Per-User Multi-LoRA: Serving, Personalization, and Composition¶

Last Updated: 2026-03-24

Overview¶

Multi-LoRA is the engineering answer to "how do you give N users personalized models without running N copies." One base model serves all users; per-request LoRA adapters provide personalization. The infrastructure is now mature — vLLM, NVIDIA NIM, and multiple commercial platforms support thousands of concurrent adapters on a single GPU.

This document covers: serving infrastructure, per-user adapter generation, production cases, and adapter composition.

Serving Infrastructure¶

The Core Idea¶

                   ┌──── LoRA_user_A ────┐
                   │                     │
Request_A ──►  Base Model (frozen)  ──► Response_A
Request_B ──►  + dynamic adapter    ──► Response_B
                   │                     │
                   └──── LoRA_user_B ────┘

All requests share the same base model weights. Each request specifies which LoRA adapter to use. The adapter weights are tiny (10-100 MB) compared to the base model (14+ GB for 7B).

Platform Comparison¶

Platform	Max Concurrent Adapters	Latency Overhead	Key Innovation
vLLM	Configurable (`--max-loras`)	Minimal (SGMV kernel)	LRU cache (GPU → CPU), runtime load/unload API
S-LoRA	2,000 on single A100-80GB	4x throughput vs vLLM-packed	Unified Paging (KV cache + adapter weights share memory pool)
Punica	N/A (kernel-level)	2ms/token additional	SGMV CUDA kernel: batches operations across different LoRAs
NVIDIA NIM	N/A	Minimal	CUTLASS batched GEMM with splitK; multi-tier caching (GPU → host)
LoRAX (Predibase)	128+ with ~20% latency	20% at 128 adapters	Tiered weight caching (GPU → CPU → disk), continuous multi-adapter batching
Together AI	Hundreds (serverless)	~10% of base throughput loss	Cross-LoRA continuous batching, adapter prefetching
Fireworks AI	Dynamic	10-30% TTFT overhead	Cross-Model Continuous Batching via FireAttention
Groq	Dynamic (enterprise)	Zero (hot-swapping on LPU)	Custom LPU hardware, LoRA hot-swap
Ray Serve (Anyscale)	Configurable per replica	Minimal	Cloud storage backends (S3, GCS, Azure) for adapter loading

Key Academic Systems¶

S-LoRA (arxiv 2311.03285) — Three innovations: 1. Unified Paging: KV cache and adapter weights share one memory pool (page size = hidden dimension H) 2. Custom CUDA kernels: Triton kernels for prefill (variable ranks, non-contiguous memory); modified BGMV for decode 3. Tensor Parallelism: LoRA partitioning aligned with Megatron-LM base model

Result: 2,000 adapters on single A100-80GB at 7.6+ req/s. 30x throughput vs HuggingFace PEFT.

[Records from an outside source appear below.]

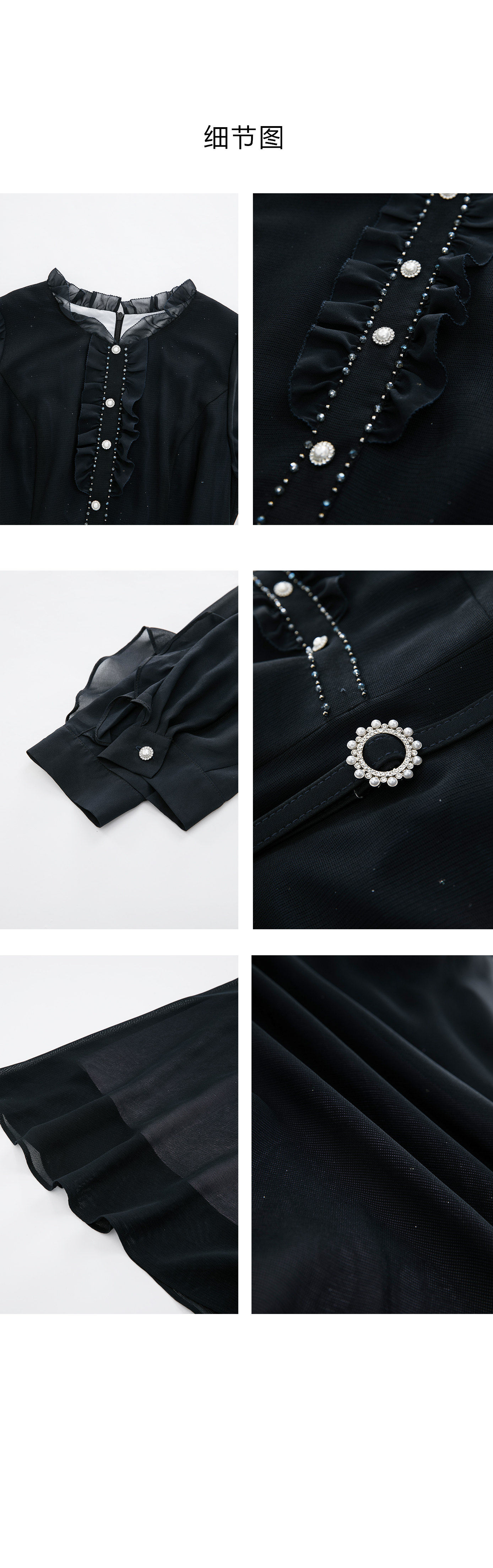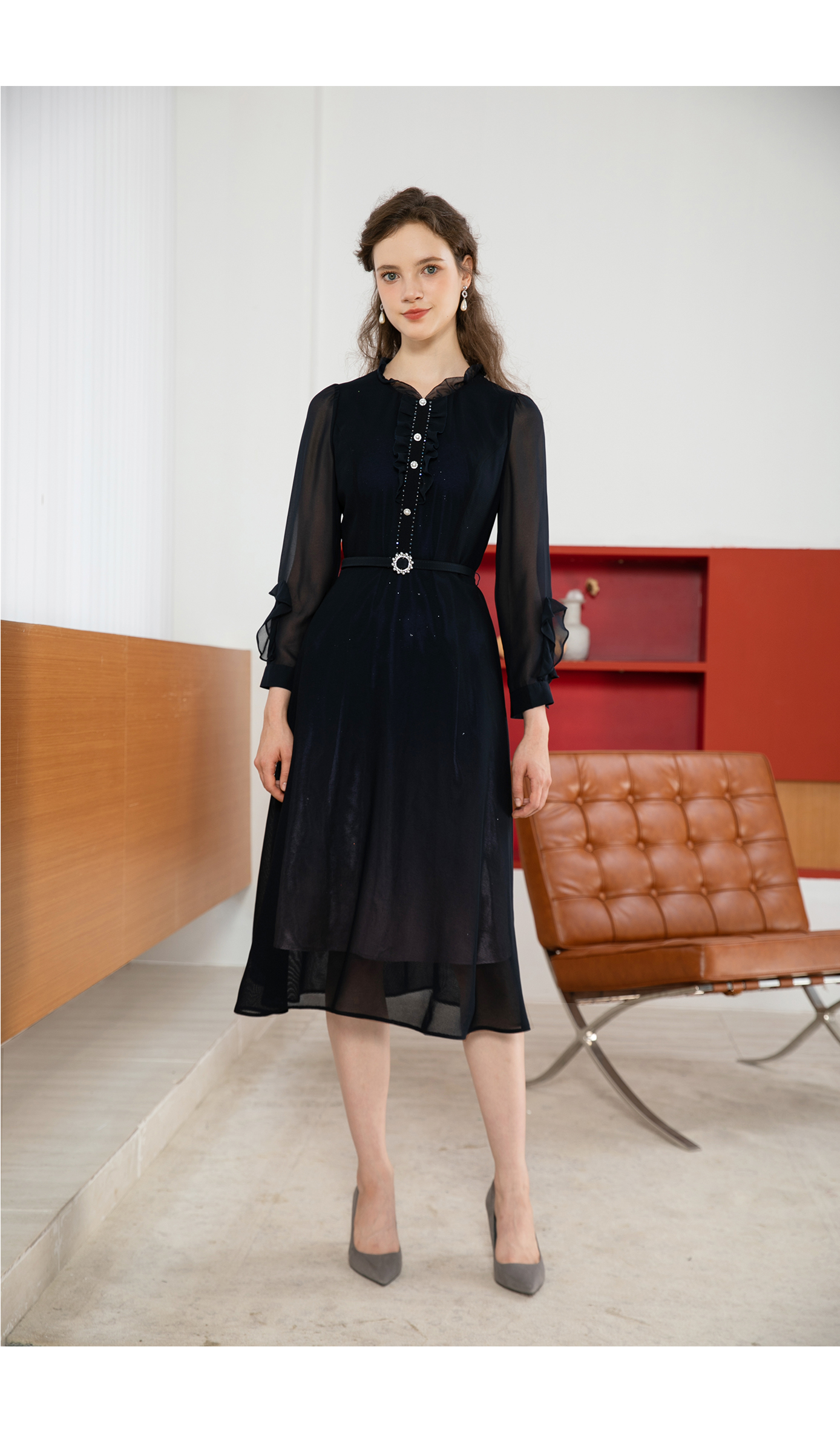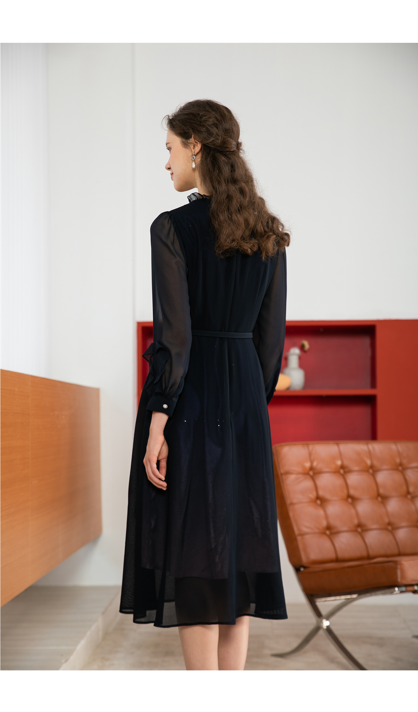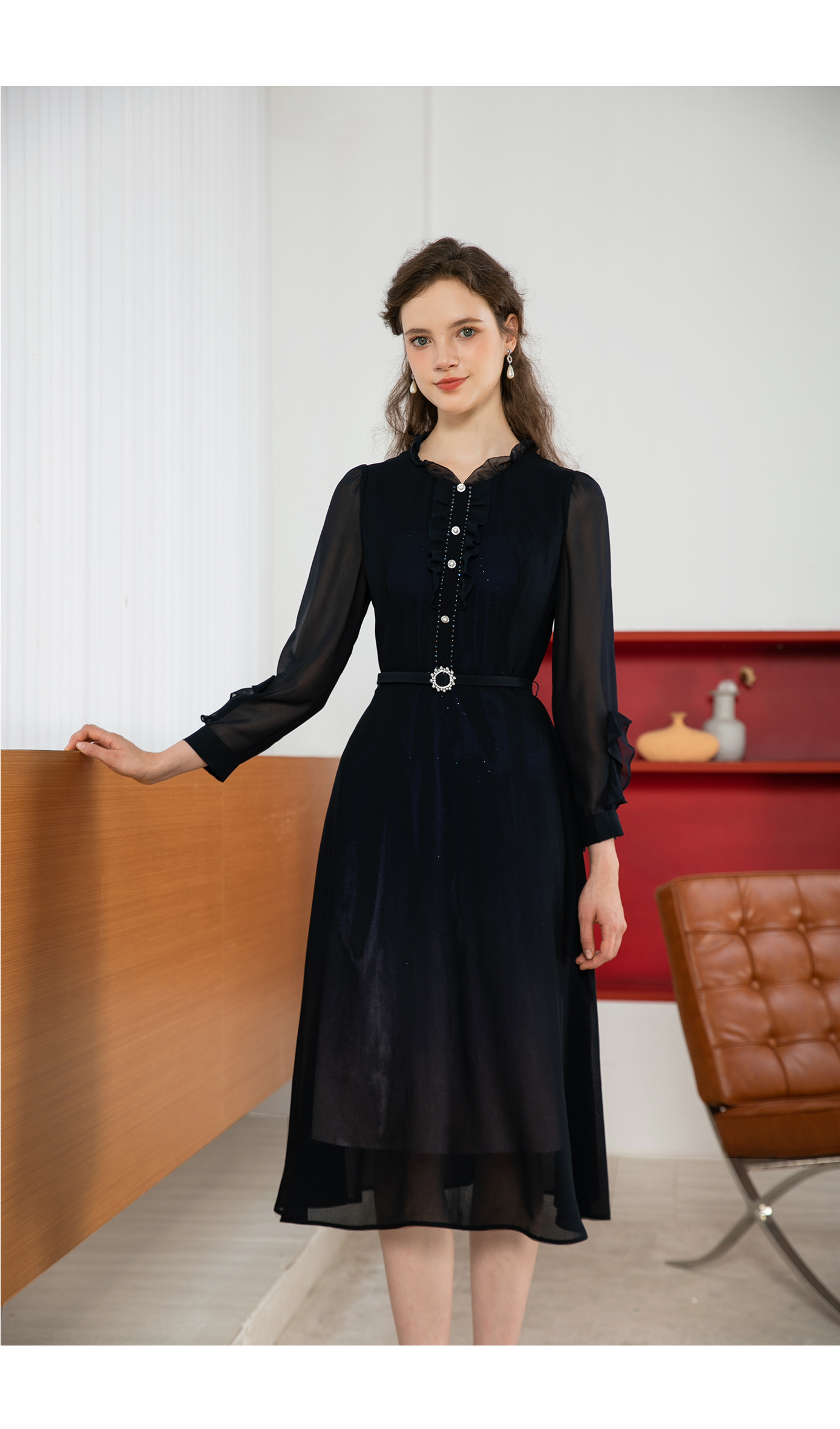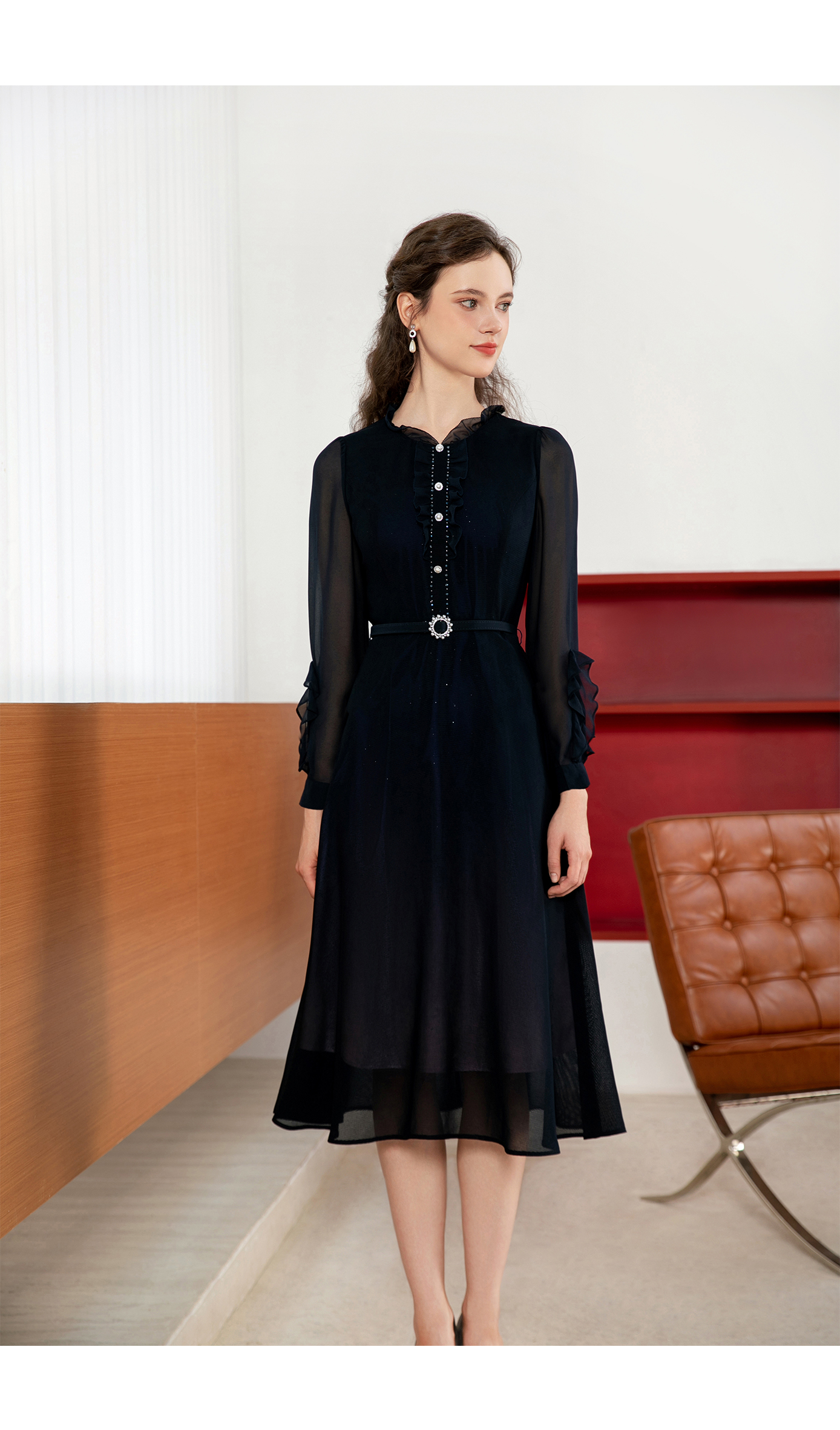 司歌长袖荷叶轻薄长袖连衣裙收腰A901204X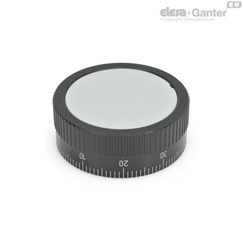 The model fitted with collet offers an absolutely reliable mounting on the shaft and at the same time allows an easy setting of the adjustable scale ring wheel. The scale is wear resistant and easily legible since the engraved alu coloured numbers contrast with the black anodized surface. Besides the standard scale (Coding S) the control handwheels can be supplied with any type of graduation.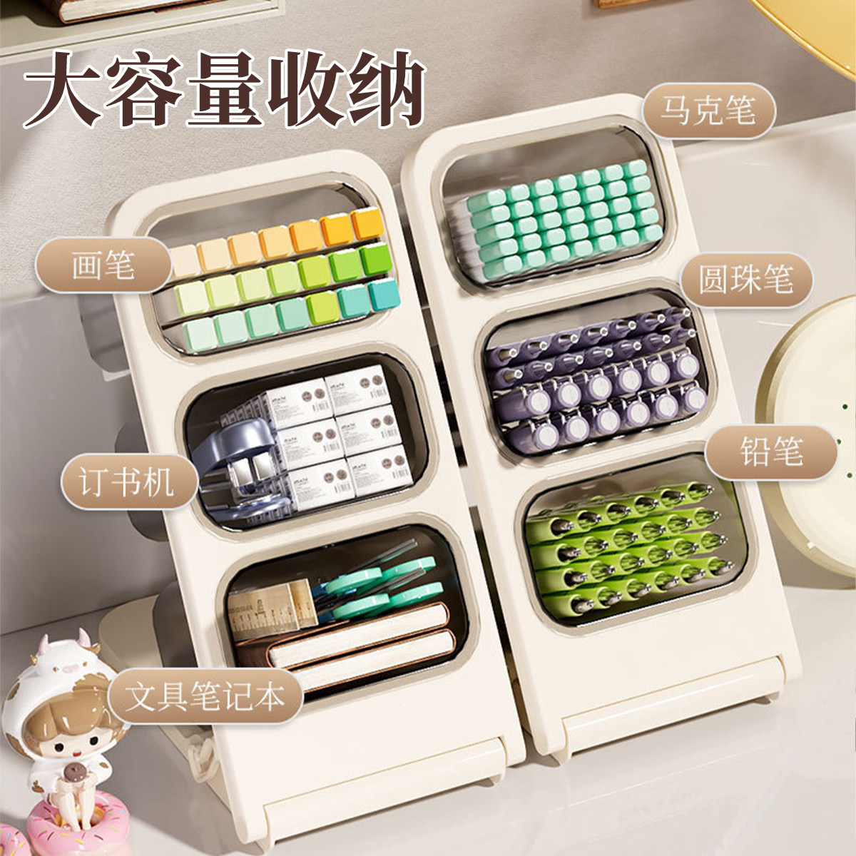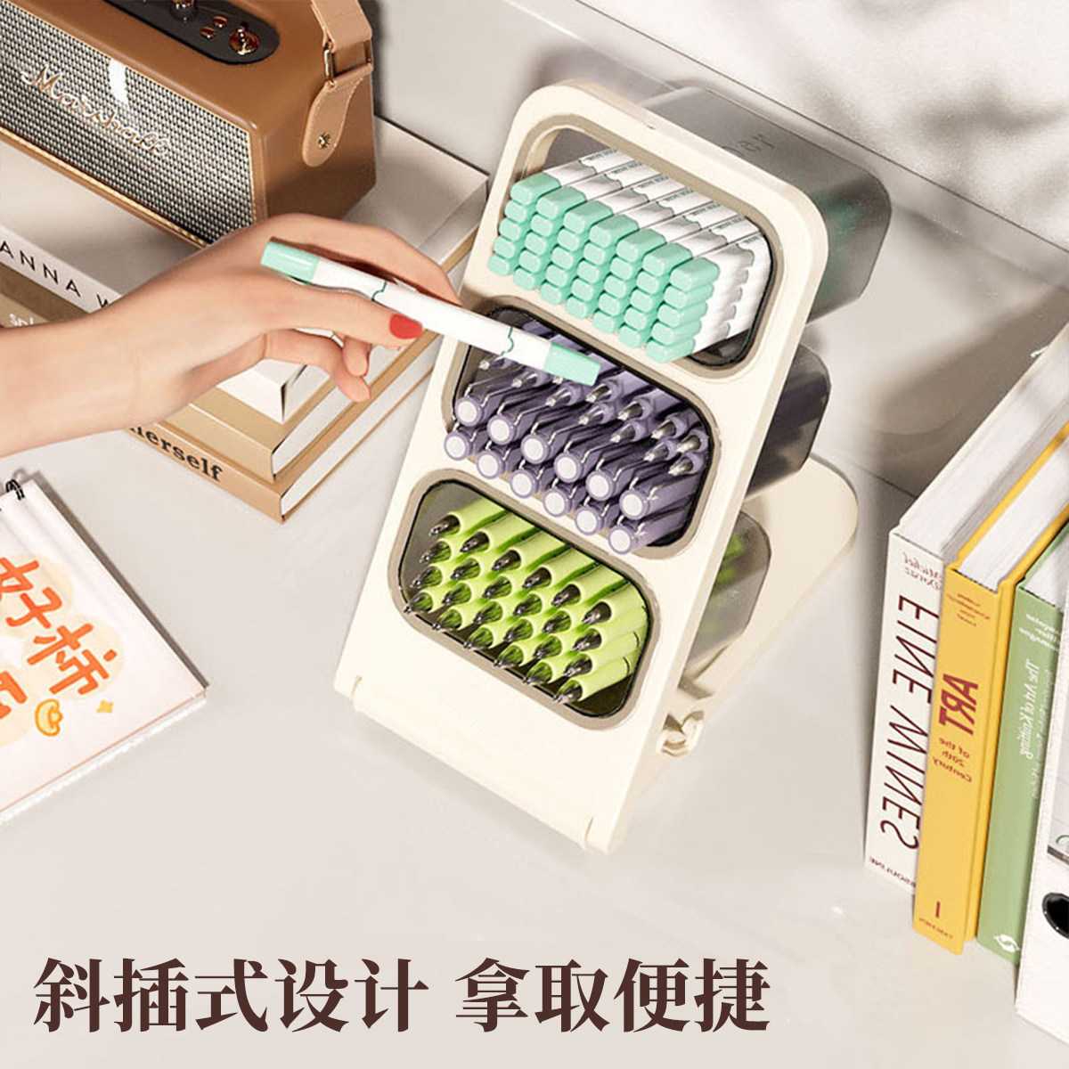 可拆卸斜插式笔筒超大容量马克笔收纳盒儿童男孩女孩高颜值ins风学生书桌桌面笔桶水彩笔画笔办公室笔盒笔架
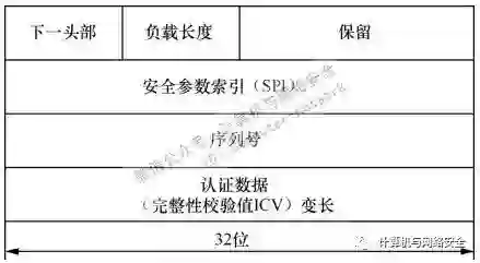 认证数据:长度可变,但必须是32位的整数倍,否则要进行填充。包含对数据包通过相应的摘要算法计算的ICV(Integrity Check Value,完整性校验值),也称MAC (Message Authentication Code,消息验证码),是一个消息摘要,用于接收方进行完整性校验。可选择的认证算法有MD5(Message Digest)、SHA-1(Secure Hash Algorithm)、SHA-2、SM3。

Punica (arxiv 2310.18547) — Introduced SGMV kernel enabling batching across different LoRAs sharing one base model. 12x throughput with only 2ms additional latency. Kernel adopted by LoRAX and vLLM.

Compressed Multi-LoRA (arxiv 2407.00066) — Joint Diagonalization: factorize each LoRA product B_i·A_i into U·Σ_i·V^T where U, V shared across all adapters. Per-adapter params reduced from r² to r. 1.6x throughput increase, 99%+ preserved quality. Integrated into vLLM.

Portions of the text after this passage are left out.